This method is adopted for a town which is reaching **saturation population**, where the rate of population growth is decreasing. In this method, an average decrease in growth rate (S) is considered.

### Decreasing Rate of Growth Method Formula

*Pn = P(n-1) + ((r(n-1) - S)/100) * P(n-1),*

where,

Pn - population at required decade,

P(n-1) - population at previous decade (predicted or available),

r(n-1) - growth rate at previous decade and,

S - average decrease in growth rate.

Due to the very nature of the formula, which requires population data at the previous decade i.e., P(n-1), this method requires the calculation of population at each successive decade (from the last known decade) instead of directly calculating population at the required decade.

### Decreasing Rate of Growth Method Example Problem

**Question: **With the help of the common data find the population for the year 2020 using the decreasing rate of growth method.

**Solution:**

Step 1: Find the increase in population.

Step 2: Find the growth rate (r) as in the geometrical increase method.

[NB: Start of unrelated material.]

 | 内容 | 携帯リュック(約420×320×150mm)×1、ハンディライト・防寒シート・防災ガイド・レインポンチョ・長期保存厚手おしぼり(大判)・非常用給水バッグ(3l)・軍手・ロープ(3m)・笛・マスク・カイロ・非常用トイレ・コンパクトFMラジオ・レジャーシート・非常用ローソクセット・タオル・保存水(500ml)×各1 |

Step 3: Find the decrease in the growth rate.

Year | Population | Increase in population | Growth rate (r) | Decrease in growth rate |

1930 | 25000 | - | - | - |

1940 | 28000 | 3000 | 12% | - |

1950 | 34000 | 6000 | 21.4% | 12 - 21.4 = -9.4% |

1960 | 42000 | 8000 | 23.5% | 21.4 - 23.5 = -2.1% |

1970 | 47000 | 5000 | 11.9% | 23.5 - 11.9 = 11.6% |

Step 4: Find the average of decrease in growth rate(s).

S = (-9.4-2.1+11.6)/3

S = 0.1/3

S = 0.03%

Step 5: Apply the formula ** Pn = P(n-1) + ((r(n-1) - S)/100) * P(n-1), **and find the population at successive decade till the population at required data is arrived.

P[1980] = P[1970] + ((r[1970] - S)/100) * P[1970]

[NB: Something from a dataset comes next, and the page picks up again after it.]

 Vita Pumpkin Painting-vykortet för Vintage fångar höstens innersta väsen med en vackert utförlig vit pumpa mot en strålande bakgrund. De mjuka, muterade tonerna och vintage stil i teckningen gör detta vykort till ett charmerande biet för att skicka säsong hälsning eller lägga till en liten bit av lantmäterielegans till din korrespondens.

P[1980] = 47000 + ((11.9 - 0.03)/100) * 47000

P[1980] = 52579

P[1990] = P[1980] + ((r[1980] - S)/100) * P[1980]

P[1990] = 52579 + ((11.87 - 0.03)/100) * 52579, here r[1980] is directly found as 11.9 - 0.03 i.e., r[1970] - S, which equals to 11.87.

P[1990] = 58,804

Similarly, P[2020] could be found.

## Graphical Method

In this method, the population vs time graph is plotted and is extended accordingly to find the future population. It is to be done by an experienced person and is almost always prone to error.

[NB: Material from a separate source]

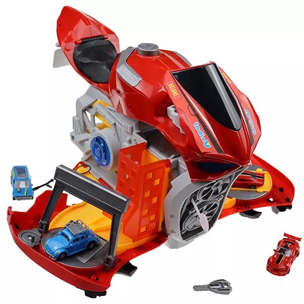 Fedezze fel a modellt, amely egy forradalmian új, kék színű motor, amely könnyedén parkolóvá alakítható! Ideális választás városi közlekedéshez, kis helyet foglalva könnyen parkolható, és kényelmes utazási élményt nyújt.Ez egy olyan izgalmas játék, amely motorból autóparkolót varázsol egyetlen mozdulattal. A gyerekek könnyedén átalakíthatják a motort, a játék pedig fény- és hanghatásokkal teszi az élményt még izgalmasabbá.

## Comparative Graphical Method

In this method, the population of a town is predicted by comparing it with a similar town.

## Master Plan Method

This method is used for a completely planned city that is not meant to be developed in a haphazard manner.

## Practice Problem

For more insights please refer to the video lecture below on population forecasting methods.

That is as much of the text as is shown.